Here is a complete example using a ResNet-50 model.

import torch
import zentorch
from torchvision.models import resnet50

# Step 1: Load a pretrained model and set it to eval mode
model = resnet50(pretrained=True).eval()

# Step 2: Compile the model with zentorch backend
compiled_model = torch.compile(model, backend="zentorch")

# Step 3: Create a sample input
sample_input = torch.randn(1, 3, 224, 224)

# Step 4: Warm-up phase — run inference 5 times to trigger compilation and
#          populate internal caches for optimal steady-state performance
WARMUP_COUNT = 5
with torch.no_grad():
    for i in range(WARMUP_COUNT):
        output = compiled_model(sample_input)
        print(f"Warm-up iteration {i + 1}/{WARMUP_COUNT} complete")

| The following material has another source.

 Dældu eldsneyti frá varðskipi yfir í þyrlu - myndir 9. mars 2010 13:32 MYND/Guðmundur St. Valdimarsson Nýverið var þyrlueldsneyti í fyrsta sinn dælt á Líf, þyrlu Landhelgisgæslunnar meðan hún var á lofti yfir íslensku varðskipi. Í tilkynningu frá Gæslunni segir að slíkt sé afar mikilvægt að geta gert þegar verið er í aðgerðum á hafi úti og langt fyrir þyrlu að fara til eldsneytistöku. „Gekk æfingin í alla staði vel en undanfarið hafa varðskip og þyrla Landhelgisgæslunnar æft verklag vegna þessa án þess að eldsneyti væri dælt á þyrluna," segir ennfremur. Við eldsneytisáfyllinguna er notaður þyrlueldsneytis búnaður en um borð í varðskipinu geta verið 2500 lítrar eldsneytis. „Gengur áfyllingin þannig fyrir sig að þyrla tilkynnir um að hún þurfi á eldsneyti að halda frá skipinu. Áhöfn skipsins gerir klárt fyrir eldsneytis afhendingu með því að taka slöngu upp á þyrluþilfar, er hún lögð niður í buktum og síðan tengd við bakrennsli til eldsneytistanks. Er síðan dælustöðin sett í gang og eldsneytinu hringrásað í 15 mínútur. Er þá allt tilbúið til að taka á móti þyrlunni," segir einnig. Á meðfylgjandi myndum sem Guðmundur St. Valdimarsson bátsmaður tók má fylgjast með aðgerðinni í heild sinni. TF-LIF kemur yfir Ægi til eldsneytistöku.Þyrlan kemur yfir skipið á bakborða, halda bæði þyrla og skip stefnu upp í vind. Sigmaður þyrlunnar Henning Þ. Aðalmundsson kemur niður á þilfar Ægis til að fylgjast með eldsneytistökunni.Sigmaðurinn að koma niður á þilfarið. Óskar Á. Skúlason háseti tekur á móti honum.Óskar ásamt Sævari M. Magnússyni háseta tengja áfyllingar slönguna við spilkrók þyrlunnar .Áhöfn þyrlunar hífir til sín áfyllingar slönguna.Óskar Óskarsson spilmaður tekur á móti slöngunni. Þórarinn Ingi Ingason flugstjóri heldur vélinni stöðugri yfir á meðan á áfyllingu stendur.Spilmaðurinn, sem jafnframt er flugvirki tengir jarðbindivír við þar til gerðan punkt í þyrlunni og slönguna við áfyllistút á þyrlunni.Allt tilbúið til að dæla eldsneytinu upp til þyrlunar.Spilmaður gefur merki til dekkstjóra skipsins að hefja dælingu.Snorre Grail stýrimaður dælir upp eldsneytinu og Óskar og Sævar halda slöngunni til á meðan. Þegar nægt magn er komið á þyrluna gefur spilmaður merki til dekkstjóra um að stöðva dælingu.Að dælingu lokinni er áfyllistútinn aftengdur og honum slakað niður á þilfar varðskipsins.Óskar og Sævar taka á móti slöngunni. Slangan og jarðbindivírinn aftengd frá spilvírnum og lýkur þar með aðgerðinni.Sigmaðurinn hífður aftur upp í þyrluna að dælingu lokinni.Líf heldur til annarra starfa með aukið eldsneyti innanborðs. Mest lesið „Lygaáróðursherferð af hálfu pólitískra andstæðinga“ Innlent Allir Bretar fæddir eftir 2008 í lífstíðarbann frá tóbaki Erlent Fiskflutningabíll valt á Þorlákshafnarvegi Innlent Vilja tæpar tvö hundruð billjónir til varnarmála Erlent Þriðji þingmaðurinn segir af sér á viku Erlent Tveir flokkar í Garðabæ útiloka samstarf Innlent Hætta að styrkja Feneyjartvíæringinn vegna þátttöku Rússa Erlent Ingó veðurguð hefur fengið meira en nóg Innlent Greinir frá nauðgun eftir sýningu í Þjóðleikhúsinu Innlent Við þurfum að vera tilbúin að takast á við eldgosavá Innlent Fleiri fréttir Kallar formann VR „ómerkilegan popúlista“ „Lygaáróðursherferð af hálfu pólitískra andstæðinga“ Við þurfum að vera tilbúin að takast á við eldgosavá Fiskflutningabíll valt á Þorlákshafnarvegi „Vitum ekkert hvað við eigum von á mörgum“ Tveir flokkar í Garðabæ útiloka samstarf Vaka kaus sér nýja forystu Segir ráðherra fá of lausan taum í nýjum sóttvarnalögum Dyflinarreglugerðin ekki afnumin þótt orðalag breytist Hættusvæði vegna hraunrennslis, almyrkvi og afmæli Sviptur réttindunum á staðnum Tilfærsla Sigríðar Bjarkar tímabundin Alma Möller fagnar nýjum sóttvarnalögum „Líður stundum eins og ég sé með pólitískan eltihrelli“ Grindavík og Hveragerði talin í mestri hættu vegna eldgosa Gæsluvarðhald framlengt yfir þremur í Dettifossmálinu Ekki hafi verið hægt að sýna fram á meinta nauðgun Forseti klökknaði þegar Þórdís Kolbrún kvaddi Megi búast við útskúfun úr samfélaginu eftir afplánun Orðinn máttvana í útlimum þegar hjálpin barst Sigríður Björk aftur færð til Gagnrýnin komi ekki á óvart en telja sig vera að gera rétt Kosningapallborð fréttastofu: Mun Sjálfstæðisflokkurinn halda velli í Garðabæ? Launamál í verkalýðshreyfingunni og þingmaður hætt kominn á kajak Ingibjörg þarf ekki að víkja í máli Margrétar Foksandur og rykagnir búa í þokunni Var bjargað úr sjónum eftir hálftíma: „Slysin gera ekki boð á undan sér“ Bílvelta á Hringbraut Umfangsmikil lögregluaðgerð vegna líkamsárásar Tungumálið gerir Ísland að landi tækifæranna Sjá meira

# Step 5: Timed inference — measure performance after warm-up
import time
with torch.no_grad():
    start = time.time()
    output = compiled_model(sample_input)
    end = time.time()
    print(f"Inference latency after warm-up: {(end - start) * 1000:.2f} ms")

Sample Output

Inference latency after warm-up: 4.11 ms
Note:
  • The first call to the compiled model triggers torch.compile graph capture, tracing, and zentorch backend optimizations (operator fusion, ZenDNN op replacement). This makes the first iteration significantly slower.
  • Subsequent warm-up iterations allow ZenDNN internal caches (such as weight repacking and matmul strategies) to reach a steady state.
  • After five warm-up iterations, the model runs at peak throughput and the measured latency accurately reflects production performance.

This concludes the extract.